Trois familles de mesures sont exigées par ce même article : des actions de prévention des risques professionnels, des actions d’information et de formation, et la mise en place d’une organisation et de moyens adaptés. L’employeur doit en outre adapter ces mesures aux changements de circonstances.

📖 Définition
Obligation de moyens renforcée
Depuis l’arrêt Air France du 25 novembre 2015, la Cour de cassation juge que « ne méconnaît pas l’obligation légale lui imposant de prendre les mesures nécessaires pour assurer la sécurité et protéger la santé physique et mentale des travailleurs, l’employeur qui justifie avoir pris toutes les mesures prévues par les articles L.4121-1 et L.4121-2 du code du travail ». La responsabilité de l’entreprise s’apprécie donc au regard de ce qu’elle a mis en place, et c’est à elle de le démontrer.
Cour de cassation, chambre sociale, 25 novembre 2015, pourvoi n° 14-24.444, publié au bulletin

Cette nuance change tout pour une direction. La question posée par un juge ne sera jamais « un salarié est-il tombé ? », mais « qu’avez-vous mis en place, et pouvez-vous le prouver ? ». La traçabilité vaut donc autant que l’action elle-même, et c’est une bonne nouvelle pour les entreprises qui agissent.
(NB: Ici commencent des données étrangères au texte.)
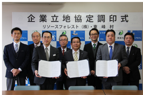
▲調印後の記念撮影

1月19日(木)、東峰村とリソースフォレスト(株)(本社:東峰村)との間に立地協定が結ばれました。リソースフォレストは、間伐材や木廃材を主原料とする木質チップを固形化した舗装材の製造を行う会社で、村所有の倉庫を活用して工場を新設します。工場の新設に伴い、本社を新工場敷地内に移転し、5月に操業開始が予定されています。

L’employeur est-il présumé responsable d’un burn-out ?

Non. Au 17 août 2026, aucun arrêt de la Cour de cassation, aucune loi et aucun décret n’instaure de présomption de responsabilité de l’employeur en matière de burn-out ou de risques psychosociaux. Le droit positif reste celui de l’arrêt Air France de 2015.

La précision s’impose parce qu’une affirmation inverse circule depuis le début de l’année 2026 et se retrouve en tête des résultats de recherche. Nous avons vérifié ses deux sources sur Légifrance. Le pourvoi cité correspond à un arrêt du 13 décembre 2023, inédit, qui porte sur la rémunération variable et le statut de cadre dirigeant d’un salarié de la grande distribution : il ne dit pas un mot de la santé mentale. Quant au décret censé imposer un plan de prévention du burn-out, il ne figure à aucune date du Journal officiel.

La confusion vient sans doute de deux mécanismes bien réels, mais très différents, et tous deux antérieurs.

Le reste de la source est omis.